**Task to carry out**
As written and without pictures, set down the lines from the one that contains "Where should you" through the end of the data.

(Source material begins)

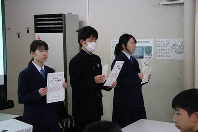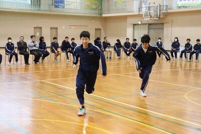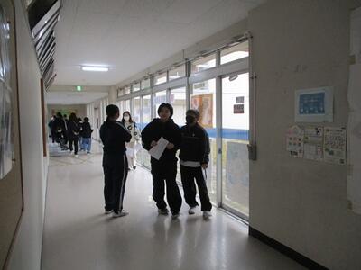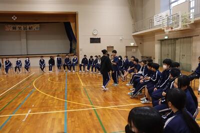 集会後は、生徒会役員がガイド役をして小学生から中学校の校舎や部活動の見学をしてもらいました。
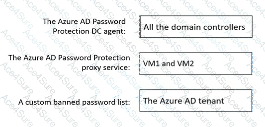 Where should you configure the components for Azure AD Password Protection? lo answer, drag the appropriate components to the correct locations. Each component may be used once, more than once, or not at all. You may need to drag the split bar between panes or scroll to view content.
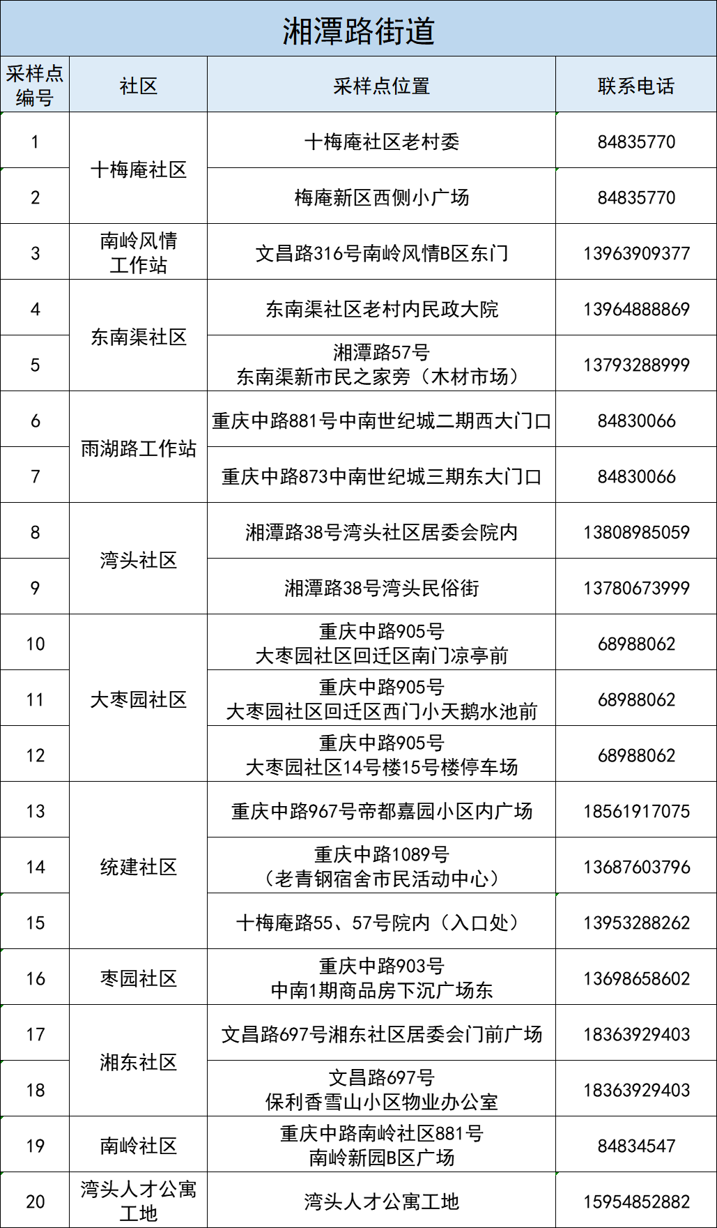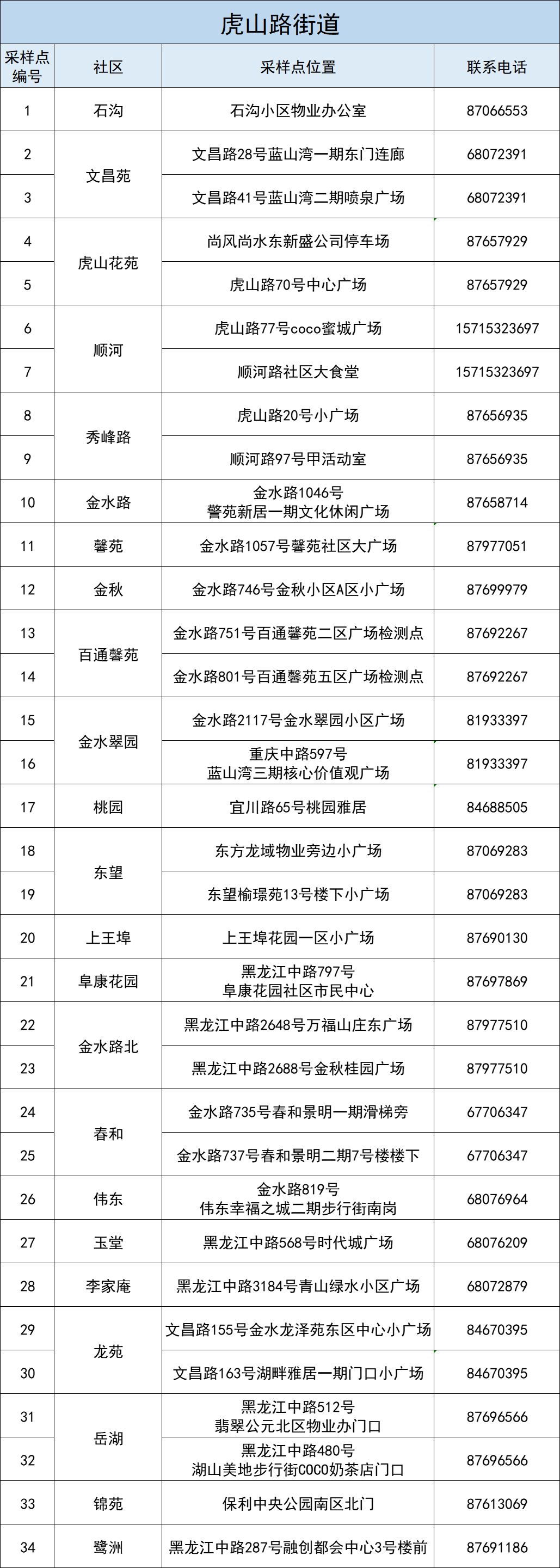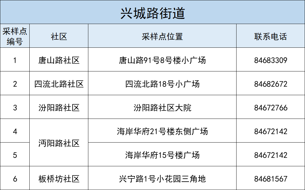本轮区域全员核酸检测部分采样点位置做如下调整:

(Source material ends)

**Task output**
 Where should you configure the components for Azure AD Password Protection? lo answer, drag the appropriate components to the correct locations. Each component may be used once, more than once, or not at all. You may need to drag the split bar between panes or scroll to view content.
本轮区域全员核酸检测部分采样点位置做如下调整:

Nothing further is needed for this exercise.